Casi podía ver la indecisión escrita en la cara de Holmes. La señora Hudson entró en ese momento con un humeante puchero de café y la expresión fue sustituida por su familiar sonrisa.

– Ciertamente puedo hablar con él. Impedir un crimen por adelantado es preferible a resolverlo una vez se ha cometido el acto.

– ¿Entonces vendrá a Stoke Moran?

– Mañana tomaremos el primer tren que salga -prometió Holmes-. Puede reservamos una habitación en el mesón La Corona. Lo recuerdo como un alojamiento suficientemente agradable.

Nuestro visitante se marchó después de tomar el café, y Holmes observó por la ventana cómo se alejaba.

– ¿Qué sucede? -pregunté-. Parece incómodo, Holmes.

– Toda la historia parece rebuscada en extremo, Watson. Esta historia de una segunda serpiente quizá no sea más que un truco gitano de alguna clase.

– ¿Por qué vamos entonces?

Holmes sonrió antes de contestarme.

– Si es una trampa, deseo averiguar cuál es su propósito, y si representa algún peligro para la señorita Stoner cuando vuelva de sus viajes.

Recordando nuestra anterior excursión a Stoke Moran, metí mi revólver en el bolsillo del abrigo cuando salimos por la mañana. Era un húmedo día de otoño, uno de los primeros que seguían a un verano inusualmente agradable. El tren de la estación de Waterloo llegó a su hora y lo tomamos hasta Leatherhead, alquilando un coche en la taberna de la estación, tal y como hicimos en el viaje precedente, casi seis meses antes.

– Esta vez el tiempo no es tan agradable -remarcó Sherlock Holmes-. Pero la primavera siempre alberga más promesas que el otoño. ¡Mire, Watson! ¡Ahí está el campamento gitano!

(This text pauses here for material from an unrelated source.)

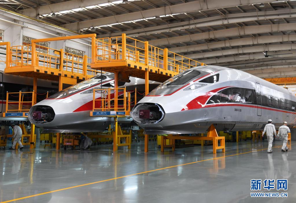 工人在中车青岛四方机车车辆股份有限公司“复兴号”动车组生产线上忙碌(2020年3月25日摄)。新华社记者 李紫恒 摄

Estábamos pasando ante el frontón gris y el elevado y puntiagudo tejado de la mansión del difunto Grimesby Roylott, y a lo lejos, casi a la misma distancia en que estaba la arboleda, podía verse el hilillo de humo de un fuego de campamento.

– Cierto. Creo que puedo ver a uno de esos animales, la cheetah, rondando en libertad.

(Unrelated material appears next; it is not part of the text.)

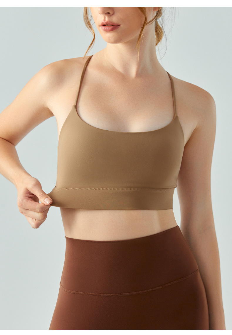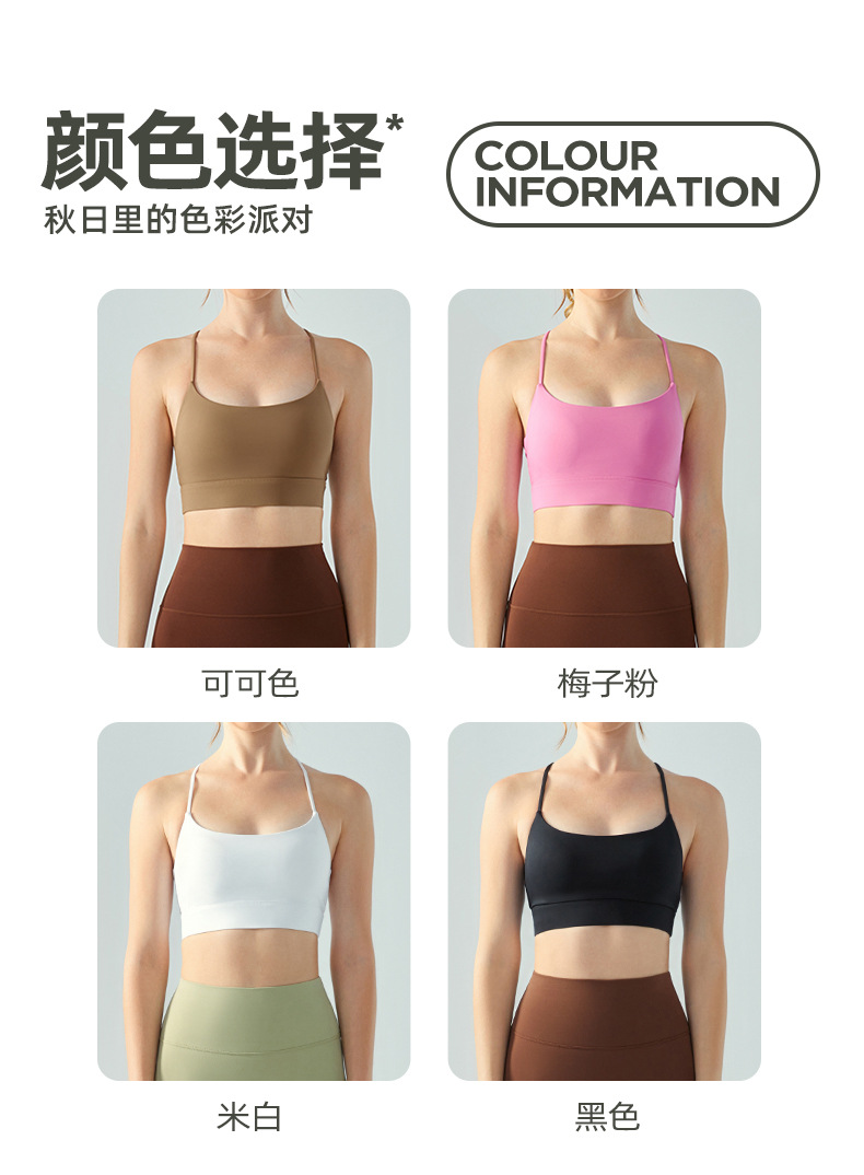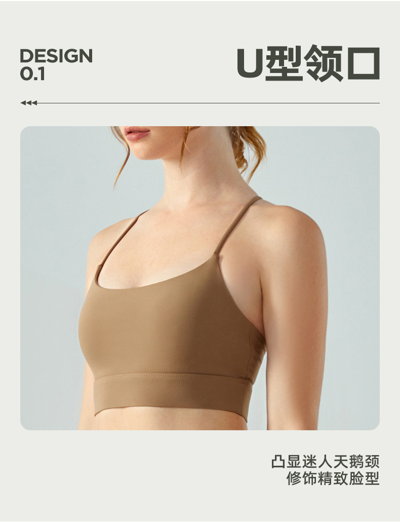 08/2024 Yoga vests for women with breast pads U-shaped skinny strap fitness bra Solid color sexy nude beautiful back sports bra

– ¡Conductor, haga el favor de dejarnos aquí! -gritó Holmes.

– Hay una caminata de una milla hasta el pueblo -dijo el conductor de sombrero negro volviéndose hacia nosotros.

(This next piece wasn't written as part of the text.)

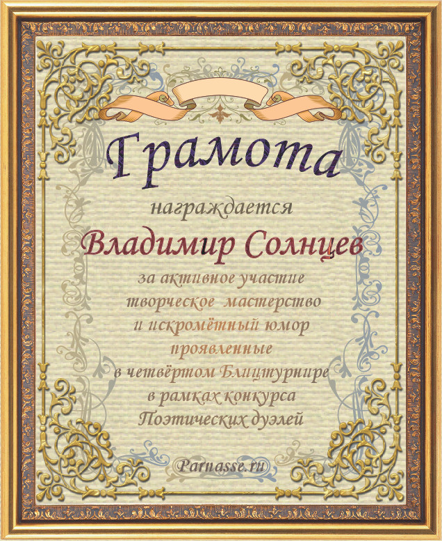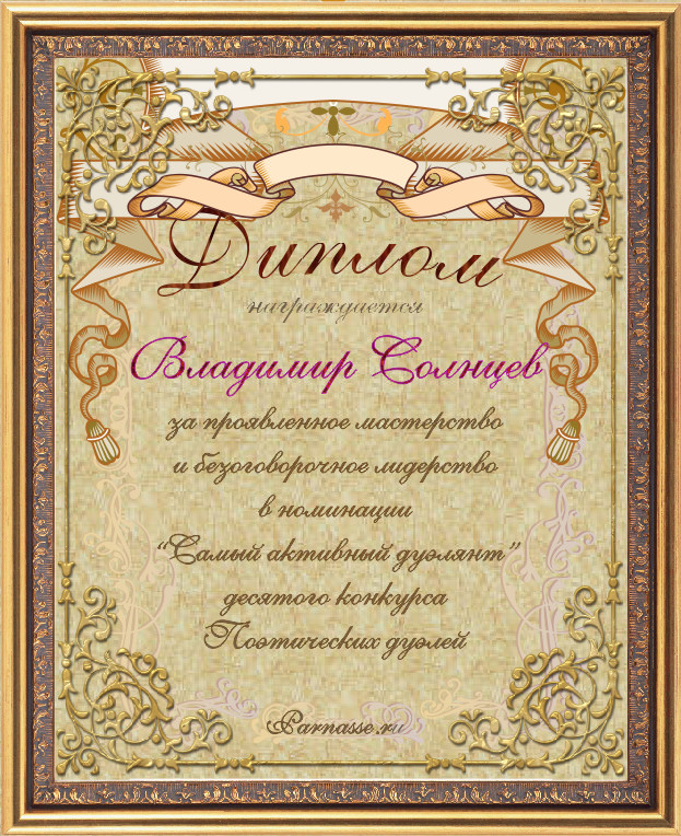Диплом присуждён в номинации "Самый активный дуэлянт" десятого конкурса поэтических дуэлей

– No importa. La recorreremos a pie.

– Es todo recto por este camino.

Holmes le pagó y bajamos del coche, contemplando cómo daba la vuelta para regresar a Leatherhead. Entonces empezamos a caminar por el campo, cruzando la valla que bordeaba el camino y subiendo por la suave cuesta de la colina, en dirección al campamento gitano. Al acercarnos, la cheetah sintió nuestro olor y se agazapó. Durante un tenso momento, mi mano buscó mi revólver en el bolsillo del abrigo, pero entonces apareció un joven gitano, con una colorida camisa, y corrió para coger al animal del cuello.